◆ Exercise description
In the records that follow, find the line containing "ขนาดใหญ่200ลิตร 60*90*80 ซม" and the line containing "10月20日下午三点,厦门田", then transcribe both and every line between them exactly, omitting pictures.

◆ Study material
- - - -
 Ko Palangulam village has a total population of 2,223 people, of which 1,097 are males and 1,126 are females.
- - - -
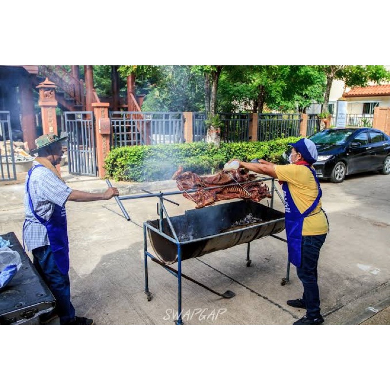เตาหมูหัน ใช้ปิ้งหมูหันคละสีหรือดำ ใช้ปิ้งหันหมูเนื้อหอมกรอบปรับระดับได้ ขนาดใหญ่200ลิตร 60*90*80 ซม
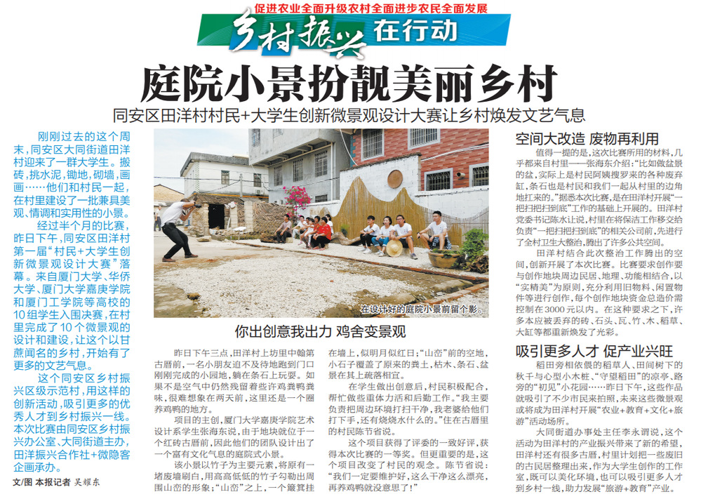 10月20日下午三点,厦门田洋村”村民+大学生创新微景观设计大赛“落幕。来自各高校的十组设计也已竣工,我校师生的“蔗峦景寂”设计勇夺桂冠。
- - - -
◆ Response below
เตาหมูหัน ใช้ปิ้งหมูหันคละสีหรือดำ ใช้ปิ้งหันหมูเนื้อหอมกรอบปรับระดับได้ ขนาดใหญ่200ลิตร 60*90*80 ซม
 10月20日下午三点,厦门田洋村”村民+大学生创新微景观设计大赛“落幕。来自各高校的十组设计也已竣工,我校师生的“蔗峦景寂”设计勇夺桂冠。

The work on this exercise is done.